Like Rand, I think one should fight words with more words.
@ Bob-1
Fighting words with more words is fine, if words alone are at issue. However, with islamists, like the Nazis, their intent and actions went far beyond words – and fighting such with words alone is a sure route to defeat. Focusing on a particular narrow moment and calling it free speech, be it the Nuremberg rallies or the pro-Morsi demonstrations, ignores the truth of the whole. In Germany, they went on to commit horrors such as the world has never seen – and aside from the islamists, would prefer to not see again.
Eh, it’s just words…
http://humanevents.com/2013/07/26/muslim-brotherhood-kills-its-supporters-to-implicate-egyptian-military/
And there’s this from when Morsi was in power:
http://www.nytimes.com/2011/11/24/opinion/the-copts-and-the-arab-spring.html?_r=0
Last month a peaceful march protesting the destruction of a church in upper Egypt was broken up by police and army troops in central Cairo. Twenty- seven people were killed, some of them run over by military vehicles, and more than 300 people were injured.
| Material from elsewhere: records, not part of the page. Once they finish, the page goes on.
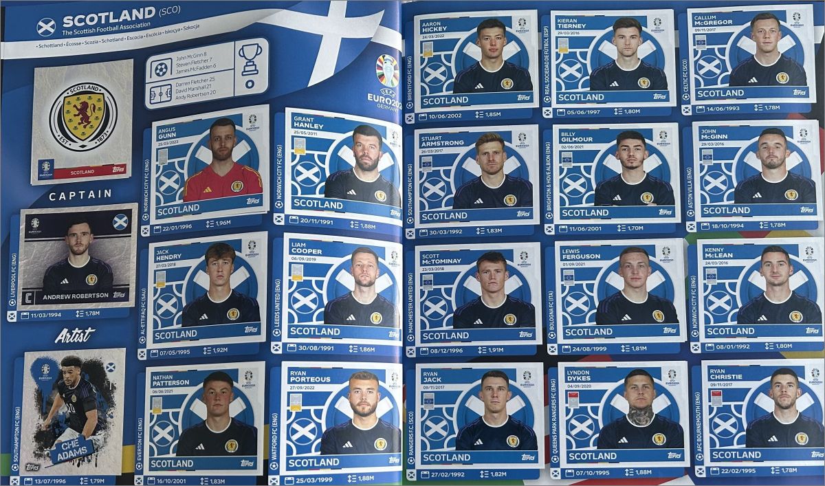 UEFA Euro 2024 Germany Topps - International - Parallèles 2/2Référence images "PAYS"ALB1 à ALB21 : Albanie (pages 26 et 27)
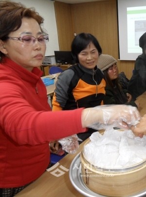 최근 경기 양주시 농업기술센터가 지역내 농촌체험마을 4곳에서 내년도 방문객들을 대상으로 운영할 신규 프로그램을 체험하는 '이야기가 있는 특별한 체험 시연회'를 열었다. 사진은 비암장수마을에서 도토리떡 만들기를 체험 중인 참여자들의 모습. (사진제공=양주시청)
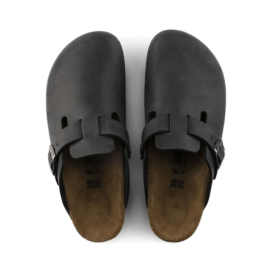 O BIRKENSTOCK Boston é um verdadeiro clássico que pode ser facilmente usado durante todo o ano. Com seu design sofisticado e individualmente ajustável, o Boston há muito desfruta de status lendário. O material superior consiste em couro nubuck particularmente espesso e oleoso, que foi processado de borda aberta.
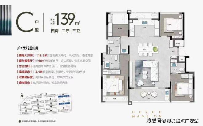 入四叶草户型,它的南向尺度拉大到了约12.3米,因此拥有了超宽幅的大客厅,整个客餐厅空间达到了近40㎡!约139㎡户型还有一个很大的亮点,设计了双主卧套房!南向两个卧室均带独立卫生间,整个户型拥有3个卫生间。
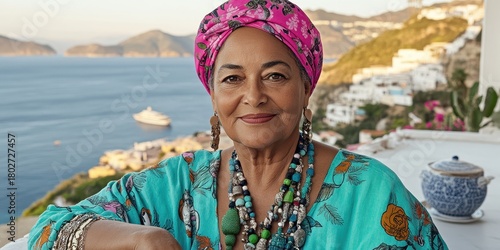 Obraz premium Woman smiles, wearing a pink turban and turquoise dress. She is on a balcony with a sea view
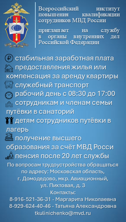 Всероссийский институт повышения квалификации сотрудников МВД России приглашает на службу в органы внутренних дел Российской Федерации:
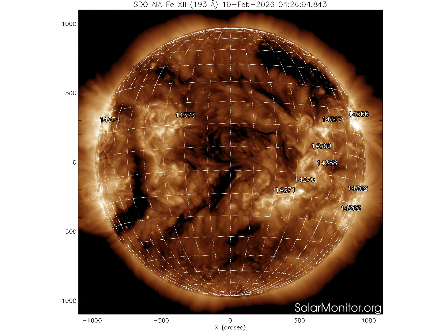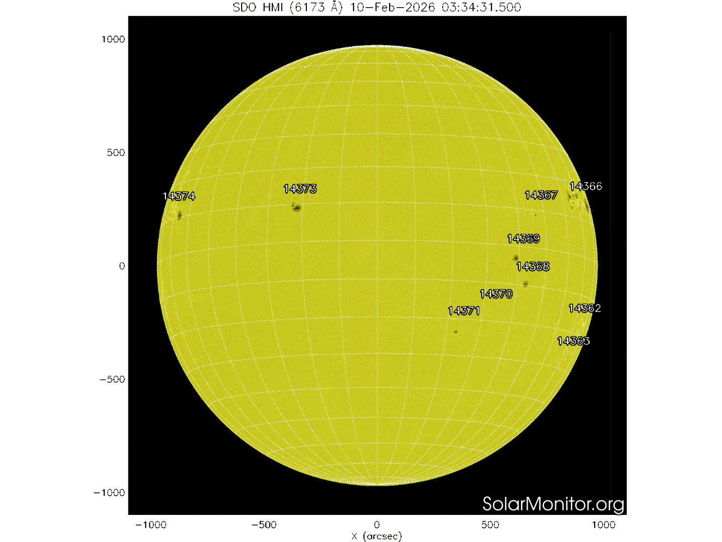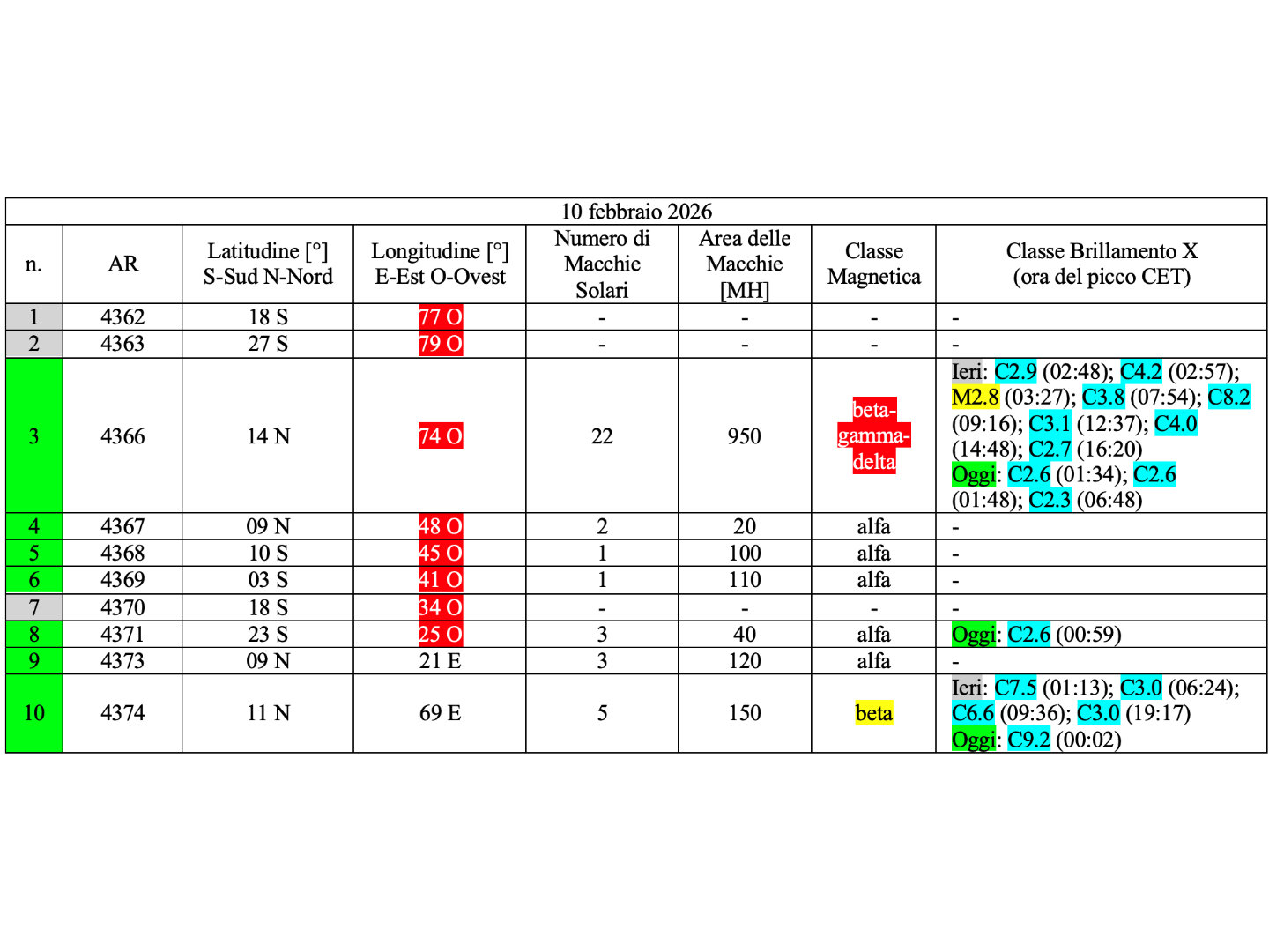 Dieci regioni attive sono presenti in fotosfera oggi 10 febbraio 2026, di cui 7 con macchie solari e 3 prive di macchie.
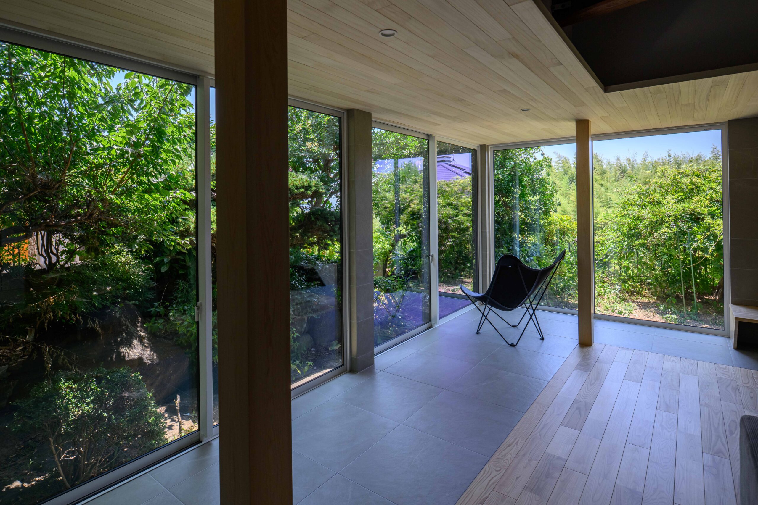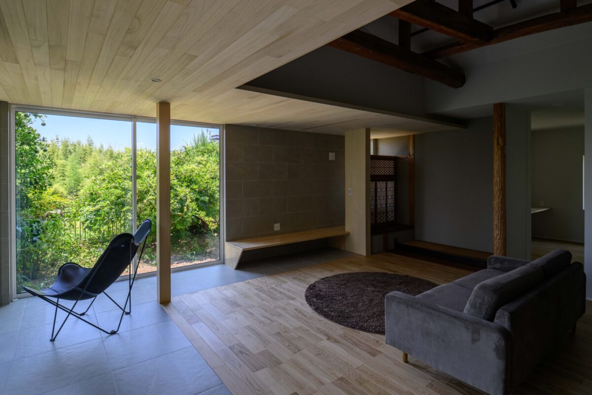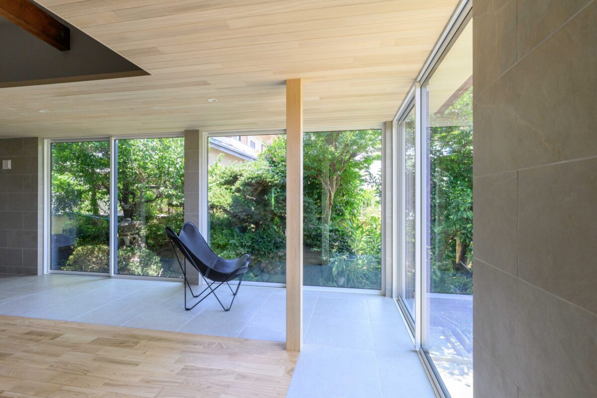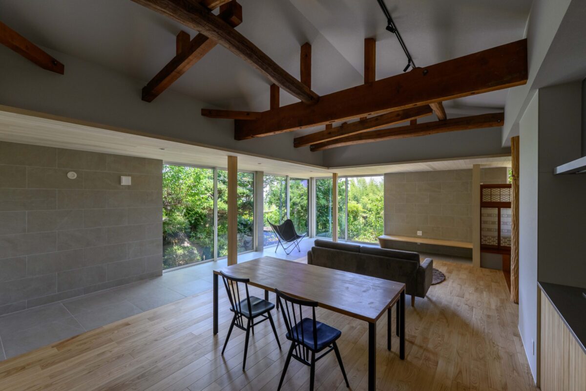 • 既存の庭の緑を絵画のように切り取る、パノラマのような大開口窓。天井を抜いて現れた迫力ある梁と、足元に広がるモダンなタイル床のコントラストが、和と洋、古さと新しさが調和する特別な空間を生み出します。

Bob-1 thinks you should be able to call base.
I am also not for killing protesters but lets not forget what they were protesting for and the recent events in Egypt at the time.
Obama didn’t even send a junior undersecretary of meaningless nothings to the Paris rally. He pimp slapped them, those xenophobic clingers marching at rally that’s not aimed at ending racist US abuse and oppression, marking the vast Paris march as less authentic and socially important than an angry mindless mob burning down an auto parts store in Ferguson Missouri.
The narrative Obama wants is one where we seek to understand the frustrations of a black African Muslim (a civil rights trifecta) who finds himself driven to violence in a kosher deli in Paris, and whether the Kouachi brothers are really a cover alias for the Koch brothers.
The problem for muslims is Islam. Muslims are just people like everyone else, but Islam is definably evil. Being muslim makes it difficult to extricate from Islam (since it’s part of the definition and culture) but nothing less will do. Islam itself, because it’s got deception at its core, is not fixable.
Some muslim that is a genuinely good person, because deception is a core feature of Islam, just becomes a useful tool of the evil. It’s a religion of peace, don’t ya know?
I agree, Obama is a useful indicator of the wrong side of any issue or wrong side of any govt. to support, but you have to be careful of the issues he doesn’t care about.